Montego Glover (born February 9, 1974) is an American stage actress and singer. She has been nominated for the Tony Award for Best Actress in a Musical for her role in the musical Memphis and won the Drama Desk Award for Outstanding Actress in a Musical.

On 1 September 2015, Glover starting playing Fantine in the second Broadway revival of Les Misérables, she left the production on 3 February 2016.

From 9 September 2017 to 31 March 31, 2019, Glover portrayed Angelica Schuyler in the Chicago cast of the Broadway blockbuster Hamilton.

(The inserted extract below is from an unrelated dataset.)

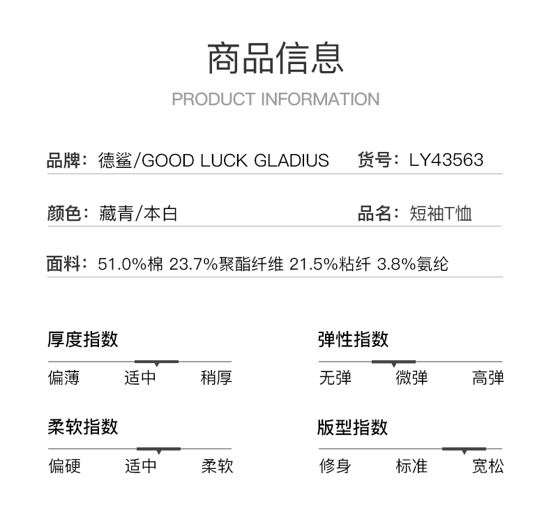 GOOD LUCK GLADIUS品牌由“浙江德鲨服饰有限公司”引进中国市场,经过多年发展,凭借完善的终端形象,规范化的销售管理,迅速赢得消费者的认可,引领国内消费流行,是成功人士首选男装品牌。

On 6 September 6, 2022, she started sharing the role of the Witch with Patina Miller in the 2022 Broadway revival of Into the Woods. She left the production on 15 December 2022 being replaced by Joaquina Kalukango. She reprised her role in the 2023 national tour. Glover starred as Rose in Gypsy on Broadway from June to August 2025 alternating with Audra McDonald.

==Life and career==
Glover was born in Macon, Georgia and raised in Chattanooga, Tennessee. She attended the Chattanooga School for the Arts & Sciences and then attended Florida State University, Tallahassee, Florida, where she graduated with a Bachelor of Fine Arts in Music Theatre with Honors. Glover sang in church choirs "for as long as I can remember".

She originated the role of Felicia in the musical Memphis. Glover received a nomination for the Tony Award for Best Performance by a Leading Actress in a Musical for her performance. Additionally, she won the Drama Desk Award for Outstanding Actress in a Musical (in a tie with Catherine Zeta-Jones). She displays a "rich, rangy and emotionally powerful voice in several standout numbers" according to Playbill. Montego has been with Memphis since it started, including four regional productions and appears in the live filming of the musical, Memphis: Direct from Broadway.

Her Broadway debut was as an understudy for Celie and Nettie in the musical The Color Purple.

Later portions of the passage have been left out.